Wydawnictwo eSPe, Moja ocena 5/6
Przyznam wam się, że jestem bardzo zaskoczona. Oczywiście to miłe zaskoczenie, tym większe, iż jest to debiut literacki Sylwii Kubik.
Do książki podchodziłam z wielką ostrożnością. Na rynku co kilka dni ukazują się nowe debiuty, kolejne powieści krzepiące, książki dla kobiet etc. Większość z nich nie powinna niestety nigdy być wydana. Byłam raczej pewna, że książka Sylwii Kubik będzie podobną, przereklamowaną lekturą.
Na szczęście bardzo się pomyliłam.
Autorka zabiera nas do niewielkiej wsi na Powiślu. Jest to taka typowa dziura, osada w której wszyscy o wszystkich wszystko wiedzą. Jak się jednak okaże, ta wiedza jest bardzo powierzchowna, a sielskie życie okolicy nie jest takim idealnym jakby się mogło wydawać.
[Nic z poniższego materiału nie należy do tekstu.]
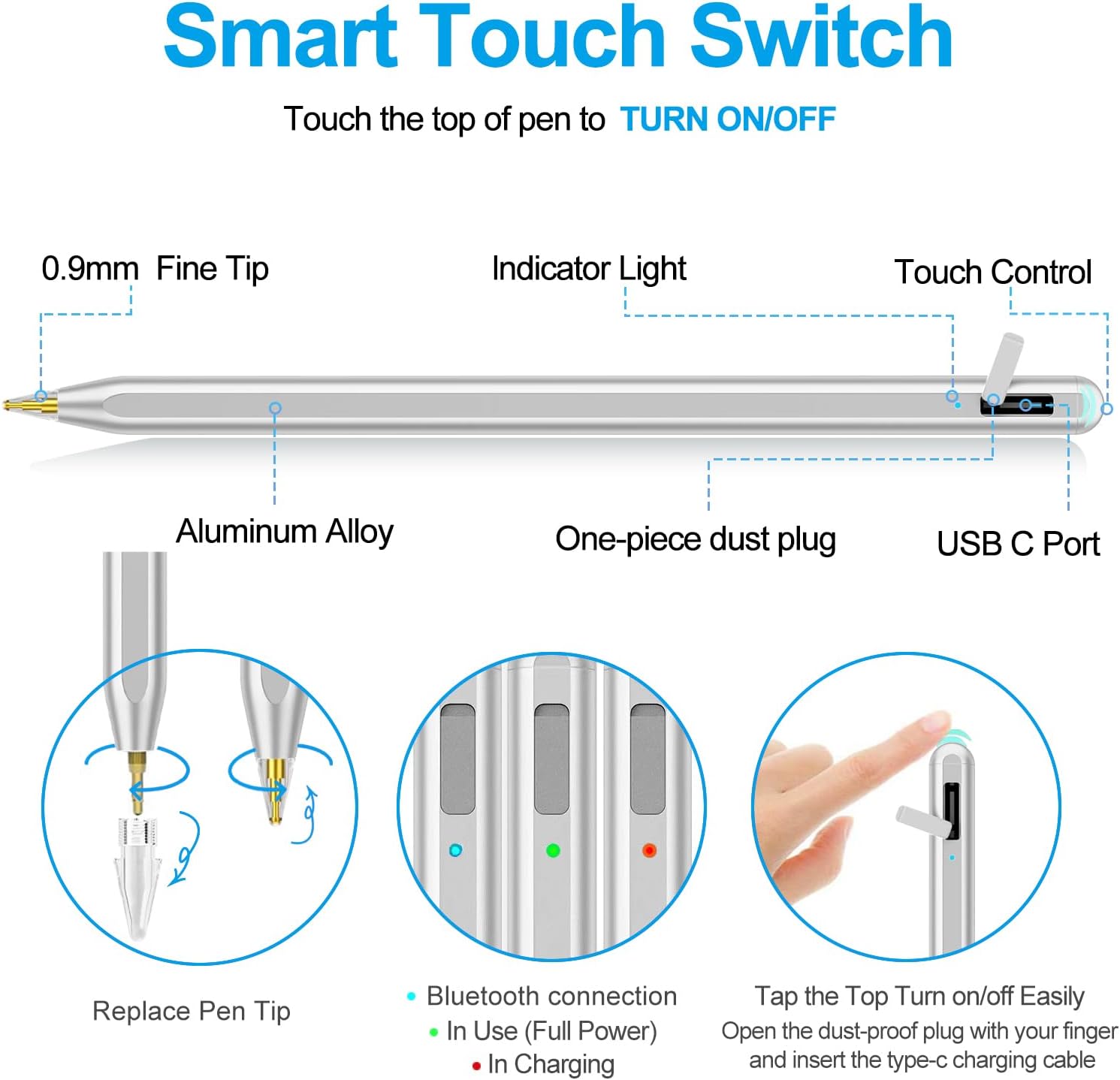 - 【Touch Switch & Fast Charging】Turn on this stylus pen by simply touching the cap button.With Type-C USB cable supports 8-10 h continuous use only need 14 minutes charging time.Stylus pen with palm rejection technology provides a natural writing feeling and quick, effortless interaction with your screen, gives you more accuracy and control against the screen. We commend you to use this pen on the iPad with a glass screen protector.

Bohaterów w książce jest wielu. każdy z nich ciekawie nakreślony. Wielu wzbudza sympatię od razu, kilkoro polubiłam dopiero po dłuższym czasie, a jednego wcale. No cóż, w życiu też tak jest. Nie da się wszystkich lubić.
Zżyłam się z bohaterami, wiernie im kibicowałam w trakcie różnych perypetii. Musicie wiedzieć, iż w książkowej wsi dzieje się, a dzieje. Mamy więc raczkujący romans, kłopoty z dorastającym dzieckiem, problemy z toksyczną teściową, kłopoty zdrowotne i to w tej najgorszej postaci - nowotwór, nieumiejętność odnalezienia się w wiejskim środowisku przez emigrującego z miasta lekarza, toksyczny dla nastolatki dom i wiele innych problemów, jak np. bolesna tajemnica sprzed wielu lat.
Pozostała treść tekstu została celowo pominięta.